Gender as psycho-socio-cultural construct is still underestimated in its effect on the incidence, etiology, and development of diseases and the effectiveness of therapy in everyday clinical practice, given the differentiating impact of various external factors and reactivity of (epi)genome on health [22]. Clearly, this encompasses more than only cardiovascular diseases and endocrinology, but perhaps even more so respiratory diseases, gastro-hepato-enterology, hematology, neurology and autoimmune diseases. This also refers to sex- and gender-dependent differences in drug response, medication adherence and metabolism [23]. Finally, there is currently enough evidence that not only biological sex and age, but also sociocultural gender is an independent risk factor for individual diseases, and can largely determine their course. [9, 24].
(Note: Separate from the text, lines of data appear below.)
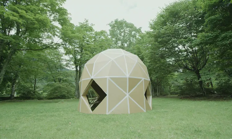 段ボール製の組立式テント。利用後はリサイクル可能。特殊なラミネート技術で屋外での利用も可能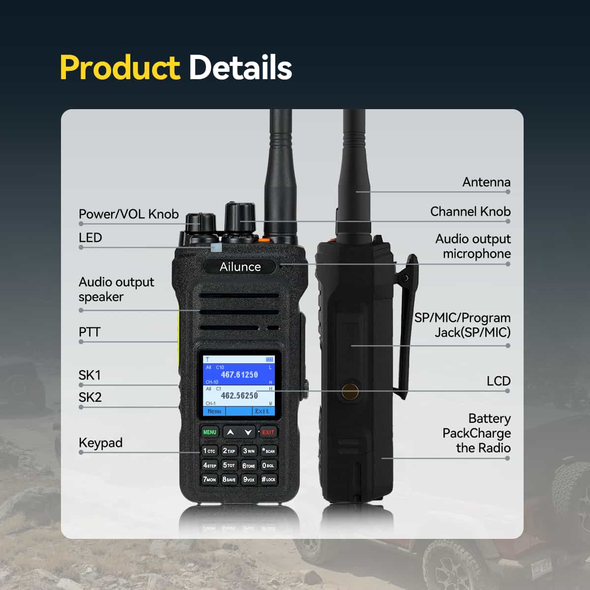 Ailunce HA1G GMRS handheld two-way radio features a 1.77-inch color screen, which provides convenience for checking the current working channel and battery condition during outdoor activities.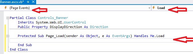 - Trở lại file Banner.ascx.vb, chọn Page Events từ cửa sổ bên trái và Load cửa sổ bên phải để đến sự kiện Load: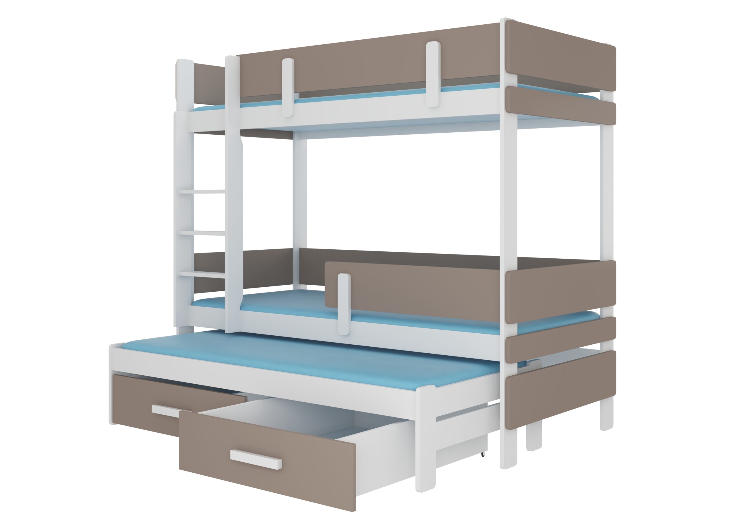 Leírás: Az ETAPO háromszemélyes emeletes ágy kiváló megoldás a helytakarékosságra egy kis gyerekszobában. A bútor létrás lépcsővel és két tágas, funkcionális ágyneműtartó fiókkal rendelkezik. Ezenkívül mindkét szinten korlátok vannak felszerelve, amelyek növelik a biztonságot alvás közben. Az ágyhoz nem tartozik matrac.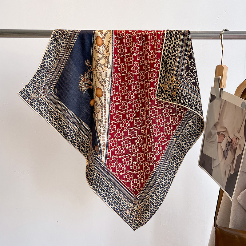 가을 질감 양면 실크 울 스카프 여성의 가을과 겨울 실크 울 70 스퀘어 스카프 따뜻한 이중 목적 여성의 올 매치 기질스토어 가기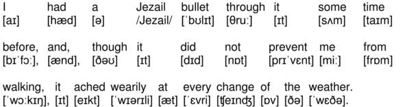 I had a Jezail bullet through it some time before, and, though it did not prevent me from walking, it ached wearily at every change of the weather.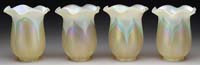 QUEZAL 4-LIGHT CEILING FIXTURE. Lamp begins with four beautiful corset shaped shades with a white pulled feather decoration with green trim on a fabulous gold ground with a rainbow iridescent finish overall. Shades are supported by a very ornate four light pan ceiling fixture with patina finish. Shades are all signed “Quezal”. SIZE: Overall 10″ l. CONDITION: All shades are very good to excellent with one shade having a ground fitter. Fixture has a small dent to side. 5-68116 (1,300-1,800)

Another finding of interest is that the intersectionality between sex, gender and other relevant features of individuals requires to be addressed and discussed with the internists’ community. Intersectionality involves the study of the ways that race, gender, disability, sexuality, class, age, and other social categories are mutually shaped and interrelated [9]. Information pertaining to how these other social constructs may interact with sex and gender to influence the risk of diseases and their clinical progression are warranted to guide internists in providing patient-individualized pathways of care.

Clinical implications

Despite increasing evidence that an individual’s sex is one the most important modulators of disease risk and response to treatment, consideration of the patient’s sex in clinical decision-making is often lacking [25, 26]. This is a matter of concern as precision medicine, the new paradigm of the twenty-first century, should begin with attention to sex and gender differences. Surprisingly, there is a reduced awareness of biological, physiological and epidemiological differences between the biology behind medicine in men and women. In our survey, we spotlighted how the clinicians’ community is aware of the low participation of women in randomized controlled trials for testing new drugs and of the drawbacks of clinical guidelines that do not provide sex-specific recommendations.

Internal medicine is one of the core medical specialties. Internists as they are expected to manage and triage their patients to further, more narrow fields of medicine, need to be informed and trained on the latest of medical progress. As internists’ responsibilities are particularly related to complex clinical scenarios and disease patterns (e.g. multimorbidity, senescence, etc.), they should necessarily be familiar with the gender concept and carefully discern its categorically scientific elements and apply it in patient care. [27, 28].

While cardiovascular, neuropsychiatric and immune-endocrine fields have made tremendous advancements in integrating sex and gender in respective research focus, internal medicine is still relatively far from such progress due to the complexity of the field [12]. The IMAGINE WG thus aimed to explore the respective sex vs. gender knowledge and attitudes of the European internal medicine community, both in training and at an advanced career stage, conducting the largest survey in Europe thus far.

In conclusion, even if most internal medicine physicians are aware of the distinct nature of biological sex and sociocultural gender–they still experience difficulties in identifying what a gender-related variable is. Internists are largely conscious of female underrepresentation in trials and the lack of sex-specific guidelines in their field of interest. While the sex and gender impact on cardiovascular disease is quite well-recognized, expanding knowledge to address sex and gender-specific aspect across a larger spectrum of diseases is acknowledged. Areas of interest include cerebrovascular and inflammatory bowel diseases. The data collected through the IMAGINE survey can help to identify areas of improvement and the knowledge gaps about sex and gender to tackle among the European internal medicine clinicians.